(Stored records)
***

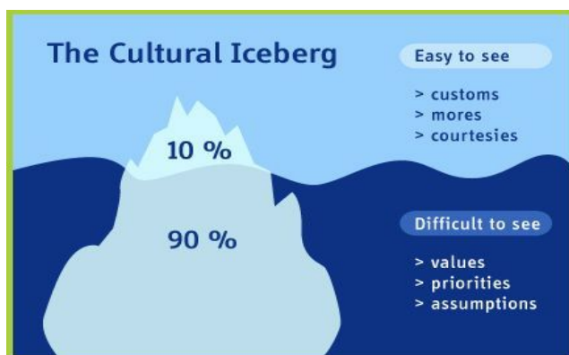
Slika 1: Kulturni ledeni brijeg. Grafika Regina Klein prema Edwardu T. Hallu, 1976

Studije slučaja najbolji su način za osnaživanje refleksivnosti, a s njom i transkulturnih prijelaznih vještina, posebno sposobnosti djelovanja u često nesigurnim, nepoznatim, dvosmislenim "trans-radnjama". Dobar slučaj predstavlja transkulturne i društvene činjenice tranzicijskog problema i pomaže čitateljima a/ da se uhvate u koštac s višeslojnim nijansama situacije, b/ da zarone dublje u transkulturnu vodu (Hall, 1976., vidi sliku 1), c / pronaći tranzicijske potencijale izvan još poznatih putova
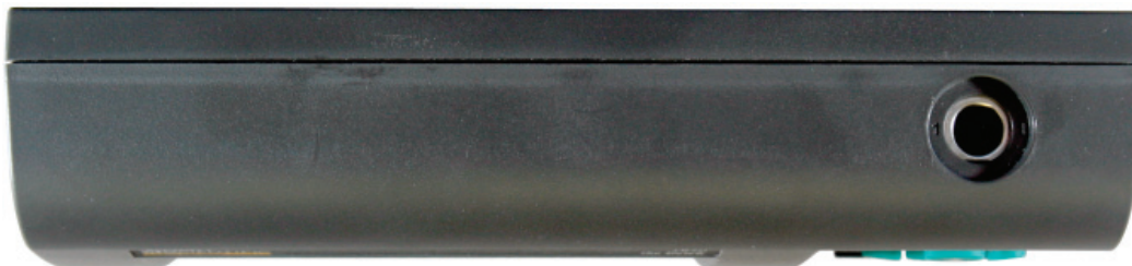
Figura 2. Painel Superior

O painel superior contém a porta para conectar o sensor no Canal 1. Um cabo de extensão opcional poderá ser usado para permitir que o sensor seja colocado em um local mais distante.
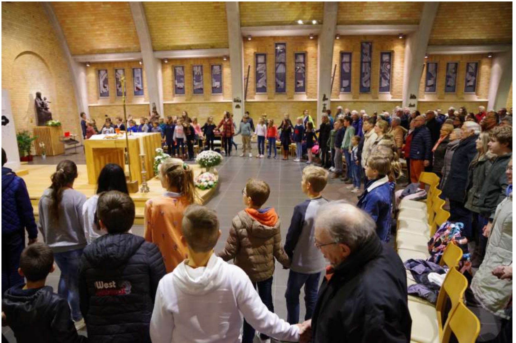
jongeren zijn welkom in Sint-Idesbald
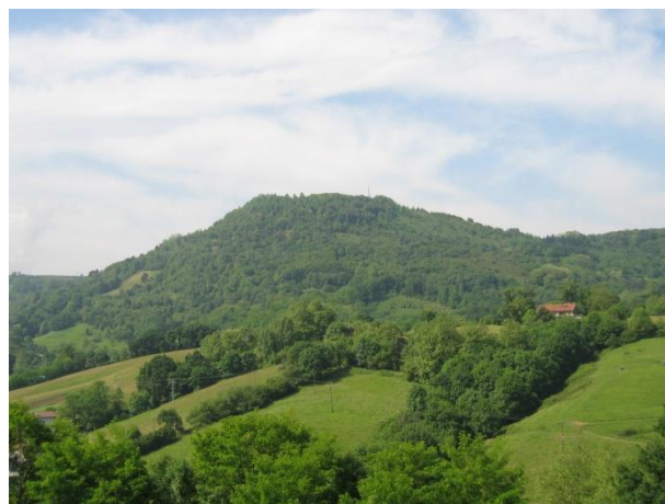
Paisaje que combina la textura fina de los prados con la de grano grueso correspondiente a los bosques. Autor: Miren Askasibar

Para entender el concepto de textura se puede comparar la imagen de una playa de arena fina y otra pedregosa; la textura de la primera será fina, y la de la segunda gruesa. El paisaje tiene textura; por ejemplo, un prado tendrá textura fina en comparación con una plantación de frutales.

***

Your instructions: From the first line of the entries down to the line with "Paisaje que combina", print each line exactly; omit any picture.

Reply:
Slika 1: Kulturni ledeni brijeg. Grafika Regina Klein prema Edwardu T. Hallu, 1976

Studije slučaja najbolji su način za osnaživanje refleksivnosti, a s njom i transkulturnih prijelaznih vještina, posebno sposobnosti djelovanja u često nesigurnim, nepoznatim, dvosmislenim "trans-radnjama". Dobar slučaj predstavlja transkulturne i društvene činjenice tranzicijskog problema i pomaže čitateljima a/ da se uhvate u koštac s višeslojnim nijansama situacije, b/ da zarone dublje u transkulturnu vodu (Hall, 1976., vidi sliku 1), c / pronaći tranzicijske potencijale izvan još poznatih putova
Figura 2. Painel Superior

O painel superior contém a porta para conectar o sensor no Canal 1. Um cabo de extensão opcional poderá ser usado para permitir que o sensor seja colocado em um local mais distante.
jongeren zijn welkom in Sint-Idesbald
Paisaje que combina la textura fina de los prados con la de grano grueso correspondiente a los bosques. Autor: Miren Askasibar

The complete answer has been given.